The two took pains to fashion their arguments toward female voters, with the debate seeming at times directed entirely at them. Mr. Obama mentioned Mr. Romney’s vow to cut government funding for Planned Parenthood at least four times; Mr. Romney repeatedly mentioned that under Mr. Obama: “There are three and a half million more women living in poverty today than when the president took office. We don’t have to live like this.”

And Mr. Romney sought to broaden his appeal to women by softening his tone on reproductive issues, saying: “Every woman in America should have access to contraceptives.”

Emphasizing his record of diversity as governor based on his own recruiting, he said, “I brought us whole binders full of women.”

It is a bit of conventional wisdom that undecided voters seek comity in their leaders. There was none of that Tuesday.

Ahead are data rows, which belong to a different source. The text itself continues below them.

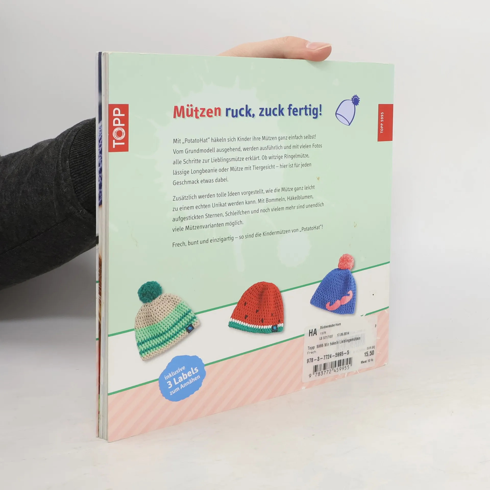 PotatoHat. Wir häkeln Lieblingsmützen. Eine Mütze – viele Varianten. Kinder häkeln ihre Mützen selbst! Das einzige Mützenhäkelbuch für Kinder auf dem Markt. Großer Einführungsteil und zahlreiche Schrittfotos. 96 Seiten, 21,8 x 23 cm, Flexobroschur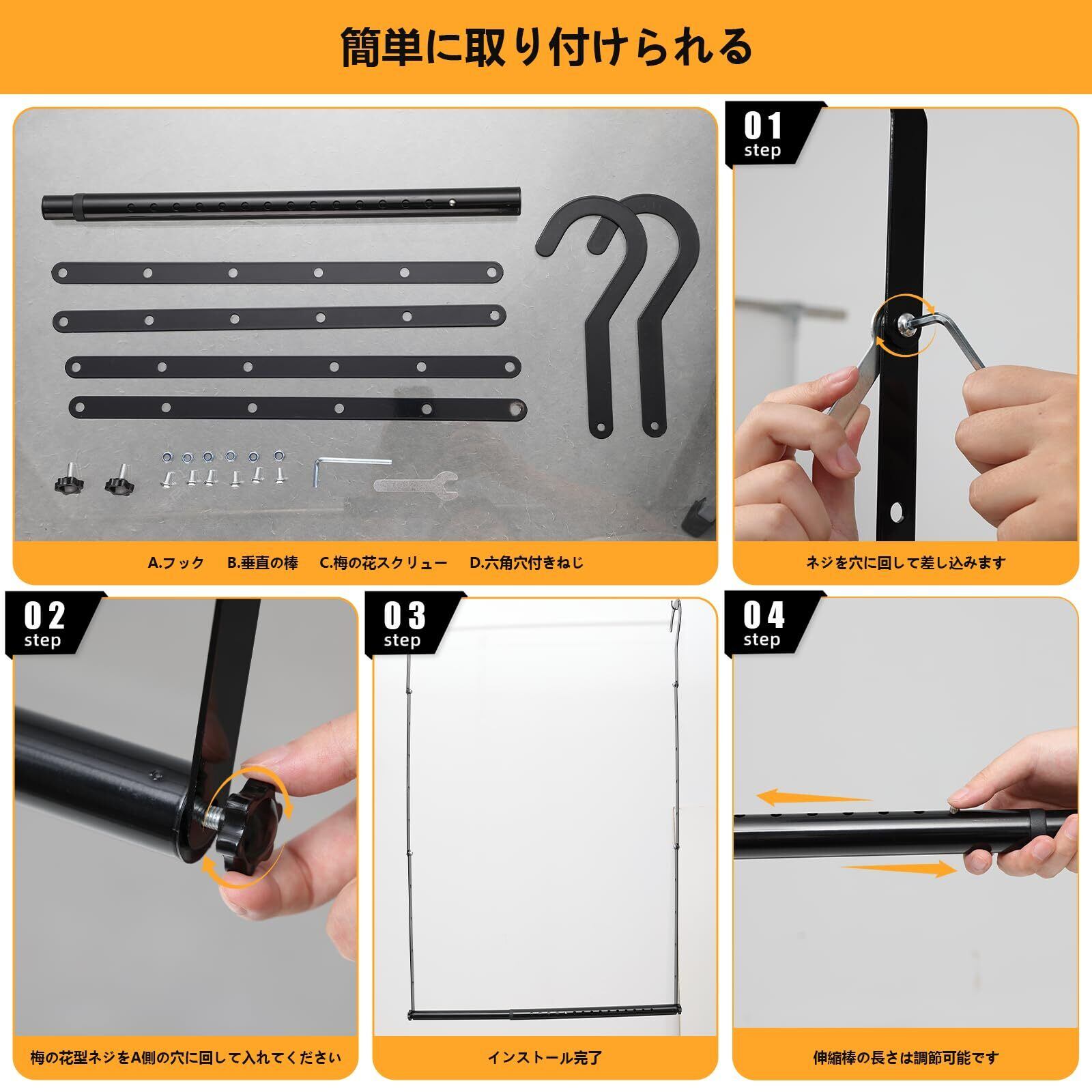 頑丈で耐久性がある-高品質な金属で作られた吊り下げハンガーは、最大約23kgまでしっかり耐荷重。表面は滑らかに仕上げてあるので、洋服を傷つけず、ハンガーラックとして安心してお使いいただけます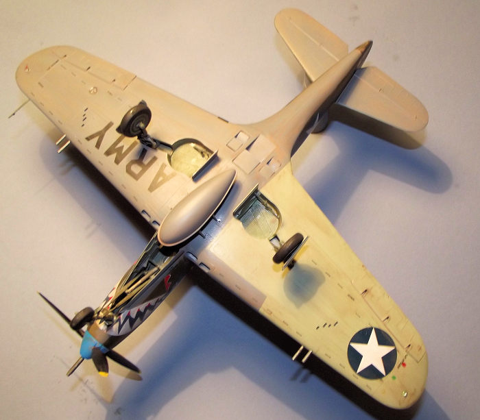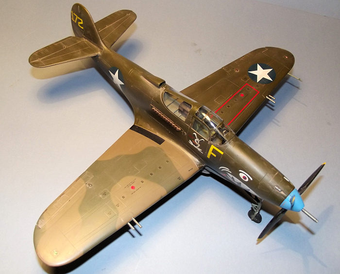 The paintwork was an interesting mix of camouflage from two air forces. I accept that RAF camouflage on US-built aircraft of the era is actually based on DuPont paints as near equivalents but rather than try to duplicate these, nor any attempt at jungle-faded US colours, I settled for standard RAF and US colours from my home stock of paints.

At times the back and forth was personal in small ways. Having already invoked the 14 percent effective tax rate that Mr. Romney personally paid, Mr. Obama mentioned Mr. Romney’s investment in Chinese companies. Then Mr. Romney asked if Mr. Obama had looked at his own pension for its investments.

“I don’t look at my pension,” Mr. Obama said. “It’s not as big as yours.”

Mitt and Ann Romney. The men made appeals to female voters

But at other moments the verbal sparring took on a deeper, emotional resonance, such as when Mr. Romney suggested that the administration was intentionally misleading in its shifting explanations for the attack on the American mission in Benghazi, Libya, that resulted in the deaths of the American ambassador, J. Christopher Stevens, and three other Americans there.

“The suggestion that anybody in my team, whether the secretary of state, our U.N. ambassador, anybody on my team would play politics or mislead when we’ve lost four of our own, Governor, is offensive,” Mr. Obama said, standing and looking intently at his opponent. “That’s not what we do. That’s not what I do as president.”

Mr. Obama had promised to be more aggressive in this debate

Mr. Obama noted that he had gone to the Rose Garden the day after the attack to say “this was an act of terror.”